> [YOUR INSTRUCTIONS]:
Word for word, restate each of the entries below, and drop every picture.

> [EXERCISE INPUT]:
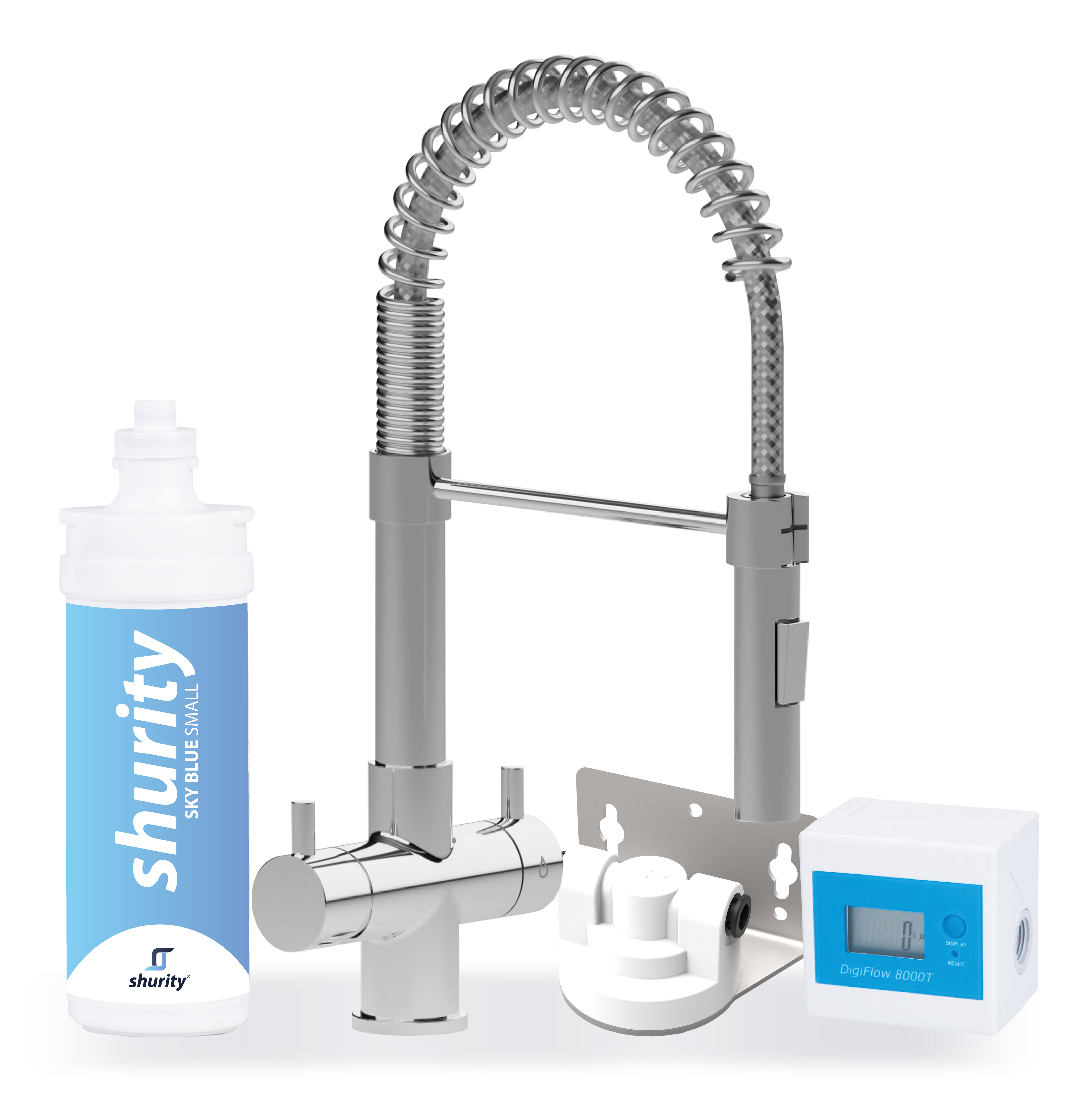 Shurity Kit Microfiltrazione acqua con filtro Sky Blue Small con Rubinetto unico 3 Vie Modello Milano Cromo – Acqua Liscia
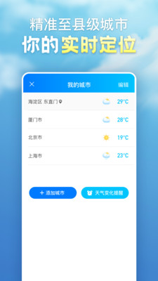 添加城市天气,支持全国城市及县级、区级天气信息查询。
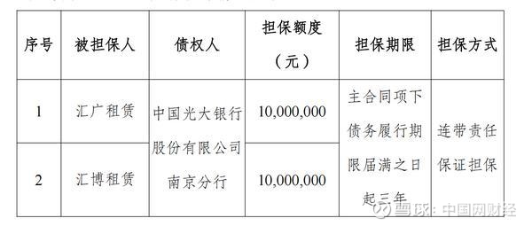 中国网财经10月9日讯 日前,江苏金租(证券代码:600901.SH)发布相关公告披露,近日,公司与中国光大银行股份有限公司南京分行(以下简称“光大银行”)签订《保证合同》,为汇广(天津)航运租赁有限公司(以下简称“汇广租赁”)、汇博(天津)航运租赁有限公司(以下简称“汇博租赁”)的有关贷款提供担保。汇广租赁、汇博租赁是江苏金租经原中国银保监会江苏监管局批准后,为开展跨境船舶租赁业务而在境内保税地区设立的全资项目公司。具体担保情况如下:
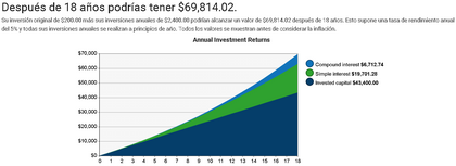 Supongamos que Pareja A decide invertir 200 €/mes desde el nacimiento del niño de 0 años, con una rentabilidad neta anual promedio de 5 %. En 18 años, ese capital puede crecer bastante ≈ 70.000 €.
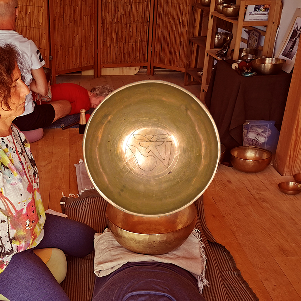 Lors de voyages sophrosoniques aux bols tibétains, lorsque la voix ou un instrument intuitif résonnent, la vibration traverse le corps jusqu’à l’infiniment petit. Nos cellules sont véritablement massées. Résultat : nous entrons rapidement en état sophronique, un état entre la veille et le sommeil. Le mental a alors beaucoup moins d’accroche et peut même lâcher prise complètement..
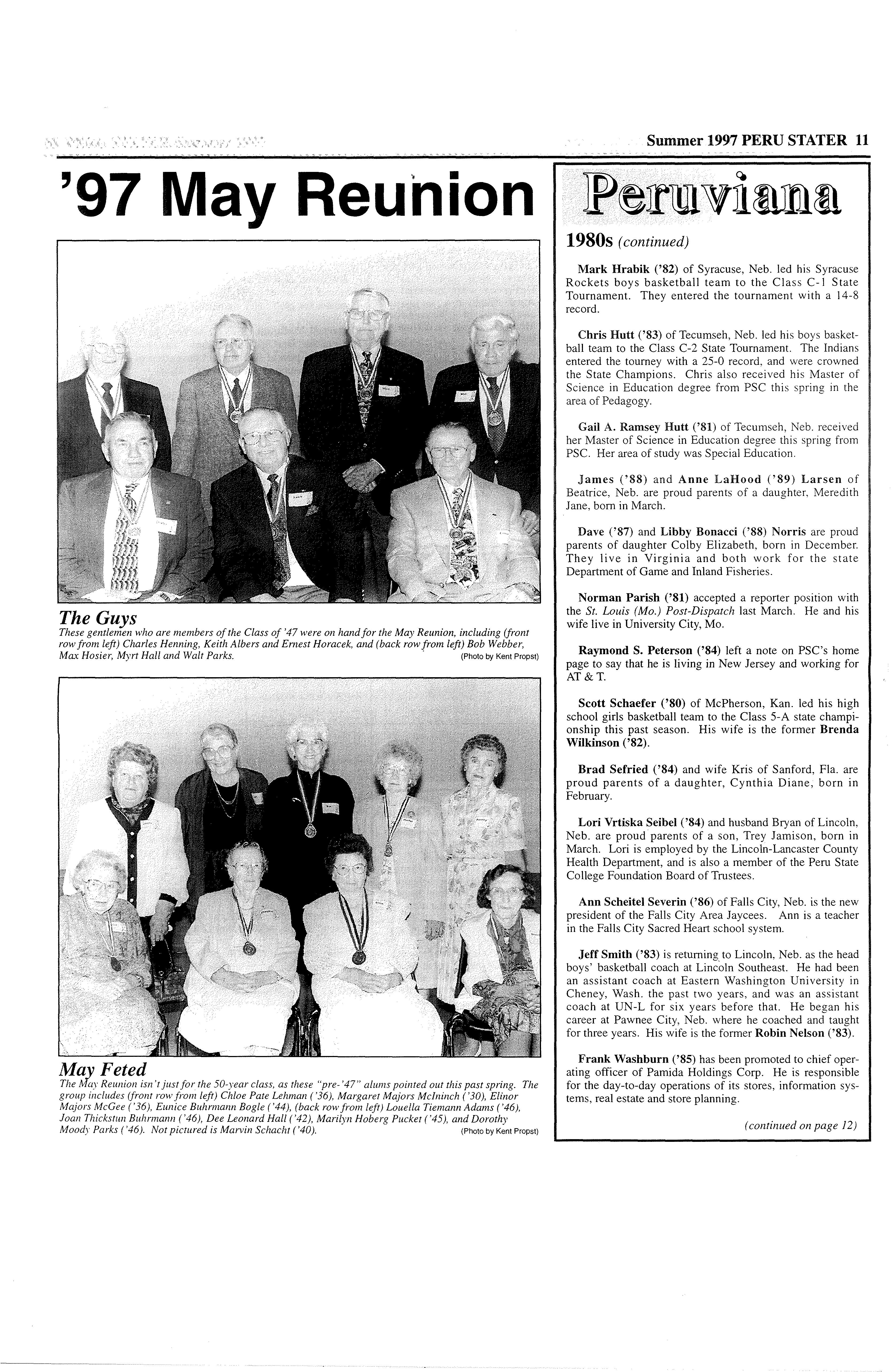 All Peruvians from class years 1947 - this year's honored class - to 1927 will be invited. A special invite will go out to the 49-year Class of '48 in case they want to come back and see the folks they looked up to as PSC juniors. Friday activities include a campus tour, the ever-popular President's Reception, the May Reunion Banquet and program to follow. Saturday highlights feature breakfast,· 1997 Commencement exercises, luncheon, and a driving tour of the campus and community.
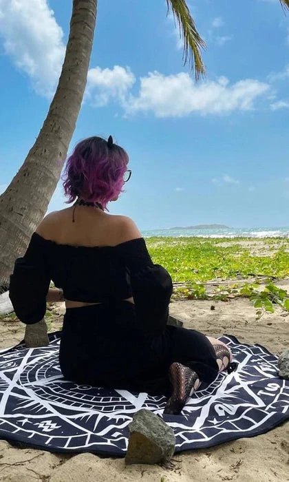 We all know symbols have power to protect and to strengthen. This towel has it all! Zodiac signs on the outer edge of the towel and alchemical sigils in the center.ย There’s also sacred geometry for good measure!
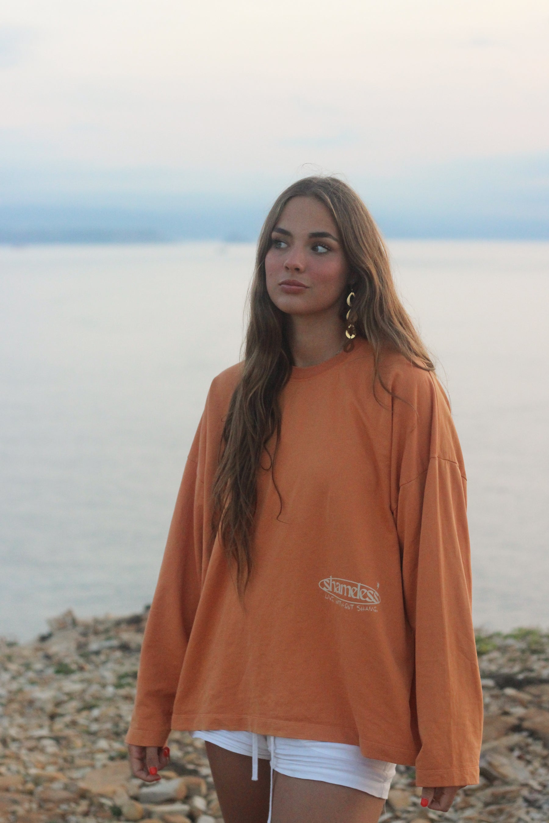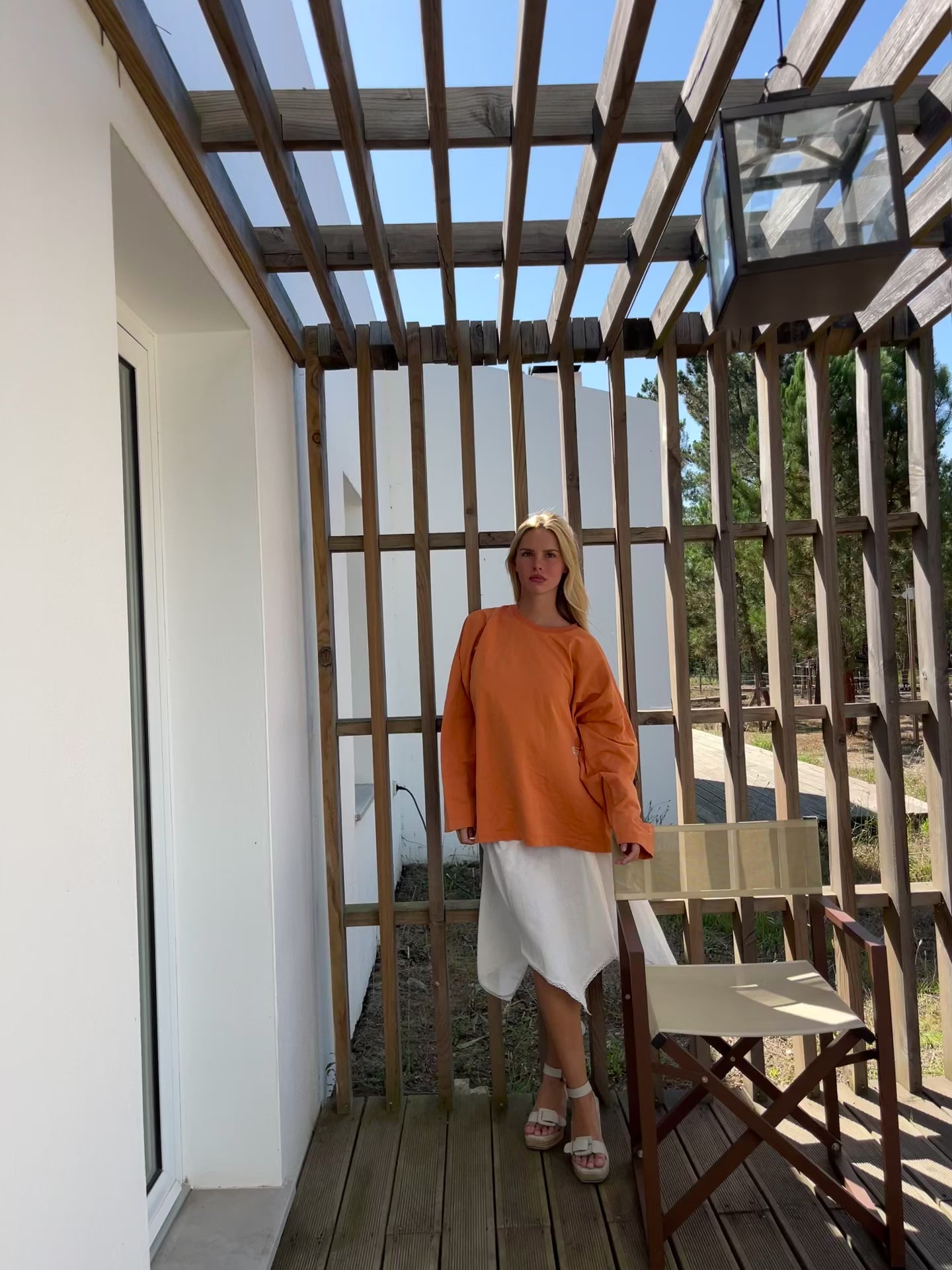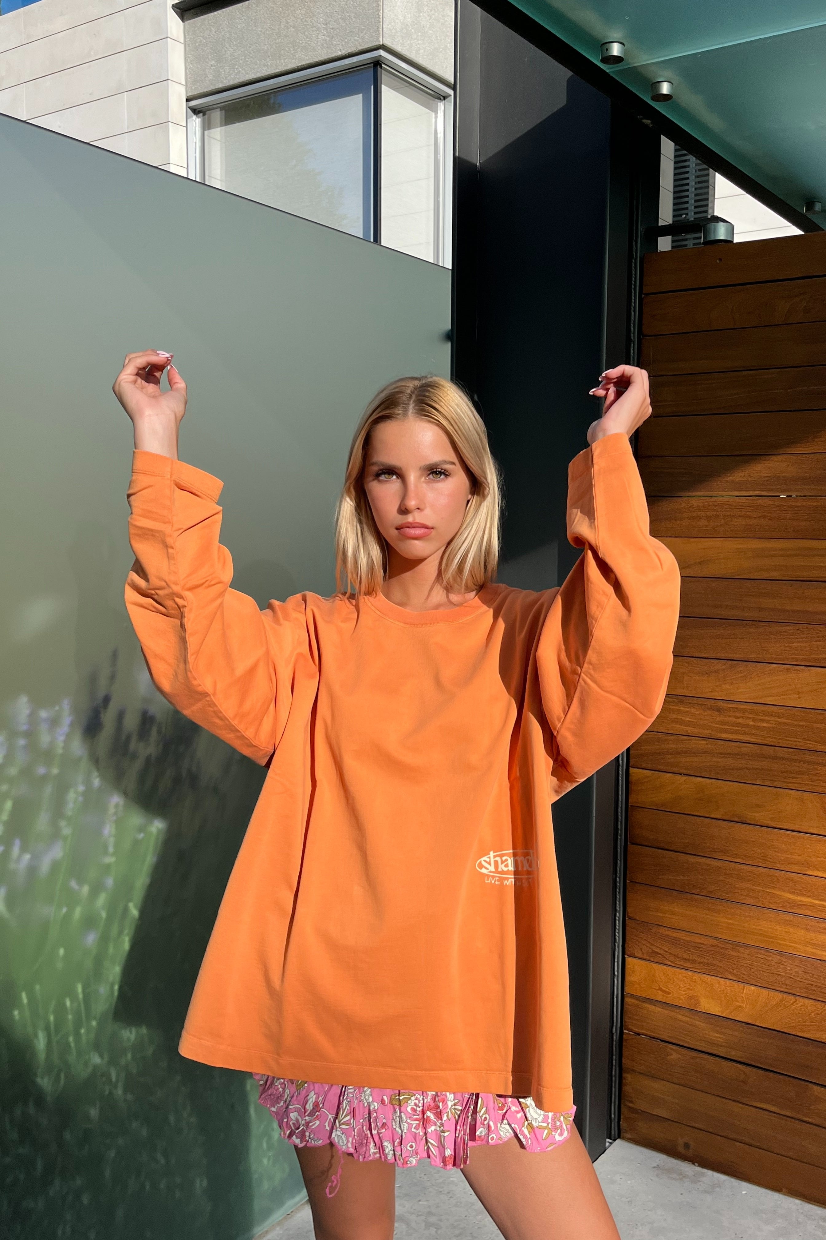 Orange crewneck made from midweight cotton fabric with an oversized fit. Details printed in off-orange.

> [SOLVED EXERCISE]:
 Shurity Kit Microfiltrazione acqua con filtro Sky Blue Small con Rubinetto unico 3 Vie Modello Milano Cromo – Acqua Liscia
 添加城市天气,支持全国城市及县级、区级天气信息查询。
 中国网财经10月9日讯 日前,江苏金租(证券代码:600901.SH)发布相关公告披露,近日,公司与中国光大银行股份有限公司南京分行(以下简称“光大银行”)签订《保证合同》,为汇广(天津)航运租赁有限公司(以下简称“汇广租赁”)、汇博(天津)航运租赁有限公司(以下简称“汇博租赁”)的有关贷款提供担保。汇广租赁、汇博租赁是江苏金租经原中国银保监会江苏监管局批准后,为开展跨境船舶租赁业务而在境内保税地区设立的全资项目公司。具体担保情况如下:
 Supongamos que Pareja A decide invertir 200 €/mes desde el nacimiento del niño de 0 años, con una rentabilidad neta anual promedio de 5 %. En 18 años, ese capital puede crecer bastante ≈ 70.000 €.
 Lors de voyages sophrosoniques aux bols tibétains, lorsque la voix ou un instrument intuitif résonnent, la vibration traverse le corps jusqu’à l’infiniment petit. Nos cellules sont véritablement massées. Résultat : nous entrons rapidement en état sophronique, un état entre la veille et le sommeil. Le mental a alors beaucoup moins d’accroche et peut même lâcher prise complètement..
 All Peruvians from class years 1947 - this year's honored class - to 1927 will be invited. A special invite will go out to the 49-year Class of '48 in case they want to come back and see the folks they looked up to as PSC juniors. Friday activities include a campus tour, the ever-popular President's Reception, the May Reunion Banquet and program to follow. Saturday highlights feature breakfast,· 1997 Commencement exercises, luncheon, and a driving tour of the campus and community.
 We all know symbols have power to protect and to strengthen. This towel has it all! Zodiac signs on the outer edge of the towel and alchemical sigils in the center.ย There’s also sacred geometry for good measure!
 Orange crewneck made from midweight cotton fabric with an oversized fit. Details printed in off-orange.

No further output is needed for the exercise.